If I leave the thermostat set to "HEAT" (or set it there first) THEN turn power on to the system, it will fire.  If the furnace has been running and I turn the thermostat to "OFF" the system will cut the flame and blow the heat out as normal, but continue to run the inducer.  In fact, this is how I first discovered the issue.

Based on things I've seen on various forums to try I've done the following:

Checked input and exhaust pipes for obstruction - clear
Checked the various condensate drain tubes in the system - clear
Pulled both the input and exhaust pipes from the system and let it run - burner still kicked off upon reaching therm setting and didn't come back on.

Checked the small tubes running from both sides of the pressure switch, one clear tube goes to what I think may be the bottom of the heat exchanger?  The other black tube goes to both the gas valve and the top of the heat exchanger?
I didn't actually pull the clear tube 'cause it's hard to do with the pressure switch still mounted, but it doesn't look obstructed.

I did, however, separately pinch both tubes leading from the pressure switch.  The black tube coming off the front did nothing.  The clear tube off the back of the switch, when pinched and held for a few seconds causes the system to cycle back on - ignitor glows, then burner lights as normal.

I also tried removing the two leads to the pressure switch, then jumping those leads with a piece of copper wire.  Nothing.

One thing that seems to have fixed one person's pressure switch error was a tech dialing back the pressure on their gas valve.  This I didn't do, because I don't know how.  There is what looks like a brass slot for a screwdriver on top of the gas valve, but I don't know which way to turn it and didn't want to start messing with that until I gain an education on what it might do.  Is it unsafe to adjust that a small amount?
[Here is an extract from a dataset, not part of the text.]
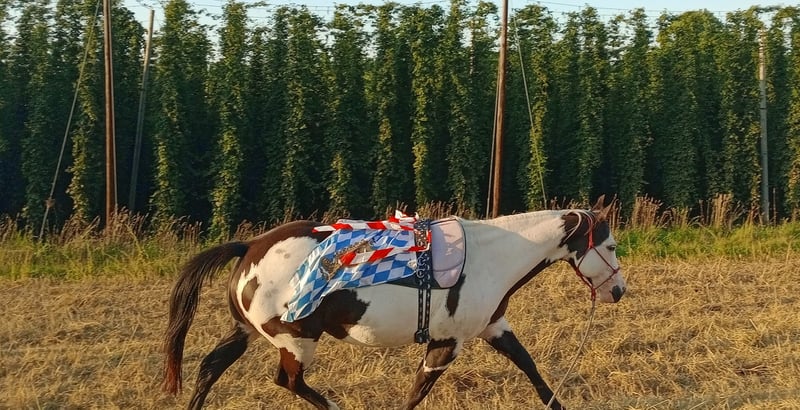 For sale is a 10-year-old, 148cm, barefoot, beautiful Paint mare with one blue eye. Well and very versatile ridden and trained: arena, trail, Garrocha, extreme trail - no problem for her. Additionally, she is fit in liberty work, round pen, knows some circus tricks, and has also participated in fire riding. Planning, noise bags, flapping gates - everything is top-notch. In handling, she is absolutely great, calm with the farrier (she just dozes off), loading is no problem, as is driving. She has no issues in unfamiliar environments. Loves water, enjoys swimming in rivers and lakes. She is familiar with trucks, cars, tractors with and without trailers, bicycles, motorcycles, highways, trains, and much more. The mare lives in a paddock, which is the best for her. In top shape, also suitable for long trail rides. She is PSSM1 positive, absolutely asymptomatic, has never had any issues. I only discovered this by chance some time after the purchase. Not a horse for beginners or children! She knows what she wants and also what she does not want, and she shows it. She occasionally tests the rider (not daily, but about every two weeks), and one must assert oneself. Then it works. Unfortunately, this is not suitable for me; I cannot cope with it in the long run. Very unfortunate, as she is a top horse. All equipment can be purchased separately: saddle, bridle, blankets, hoof boots, lungeing girth, etc. The horse can be delivered if not too far away. Please inquire only by email with your contact details - thank you.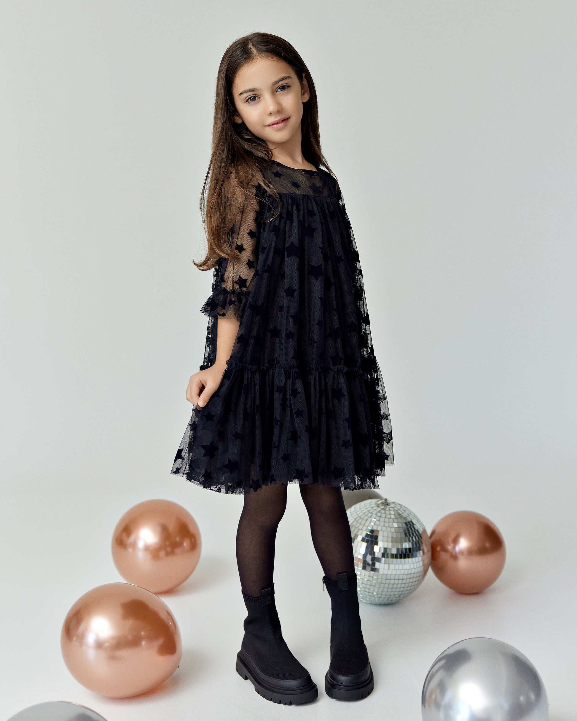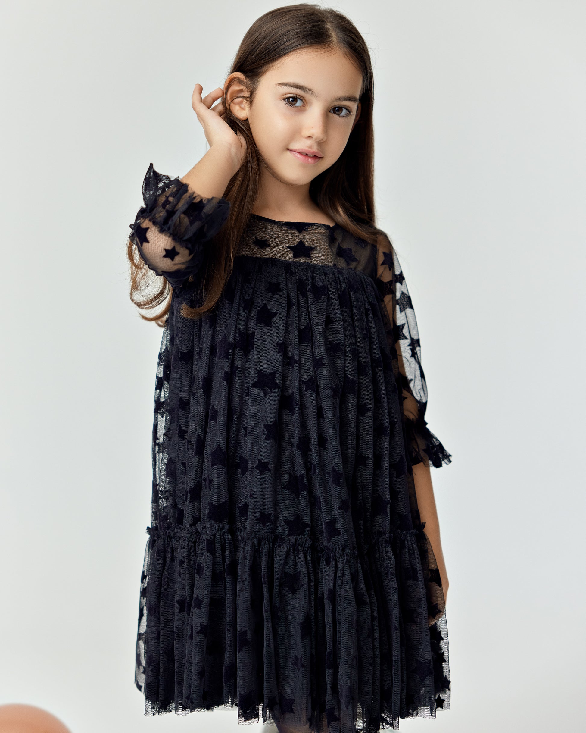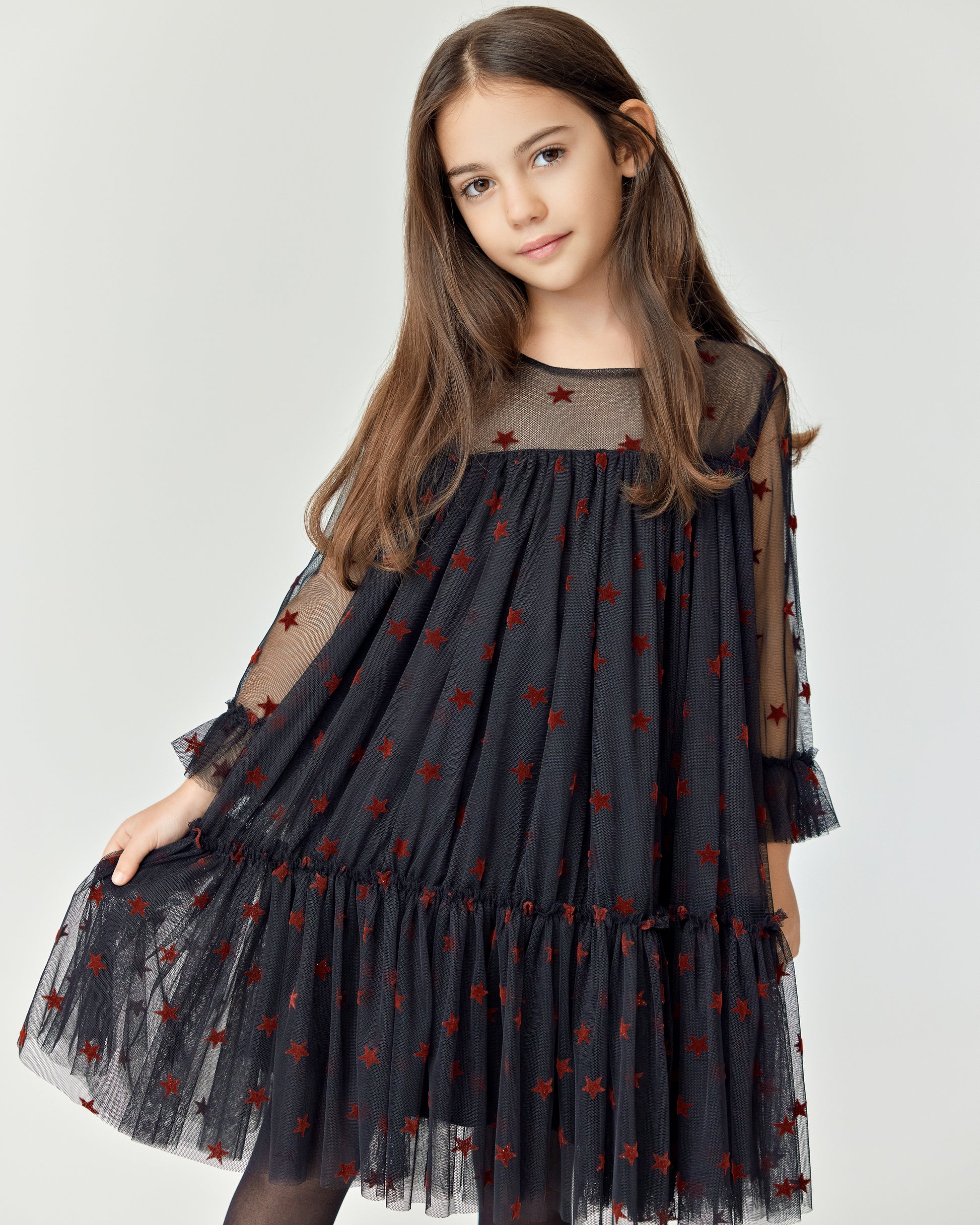 Starlit Dream" is a magical tulle dress adorned with velvet stars, offering a whimsical and elegant look perfect for any special occasion.

There IS good exhaust outside the house, so I know the inducer/exhaust motor is blowing well.

I thought I might just replace the pressure switch if it was inexpensive, just to eliminate a variable.  But it looks to be somewhere between $65-85.  So, I don't want to do that until I know.  Too much money to guess on.

I sure appreciate any insight.


----------



## paul52446m (Jan 16, 2012)

When you turn down the stat, check for 24 volts on the electronic board in the furnace from post C to post W If there is no power then the stat has opened to shut off furnace. 
 After the stat is turned down , the inducer will have a post purge for maybe 30 to 60 second and then turn off. If it does not turn off then you have a problem with your electronic board and it will not turn burner back on. or someone has wired something wrong.
    Paul


----------



## cakins (Jan 17, 2012)

Can you clarify about checking those two terminals on the board?  When the stat is turned "off" do I want to see 24V across those terminals (C, W) or do I want to see nothing?  Regarding the possibility of something being wired wrong, that isn't it as this system has been working fine, even this year until just recently.

I've had the system in place probably just long enough to be out of warranty.  My ignitor failed within the first couple years - something the installing company said they've never seen happen.  I'm not really getting a fuzzy feeling about Trane, that's for sure.:


----------



## paul52446m (Jan 17, 2012)

stat down should be no power between post C and W and inducer should turn off in a min or so. If it doesn't, the problem is in the board.  Paul


----------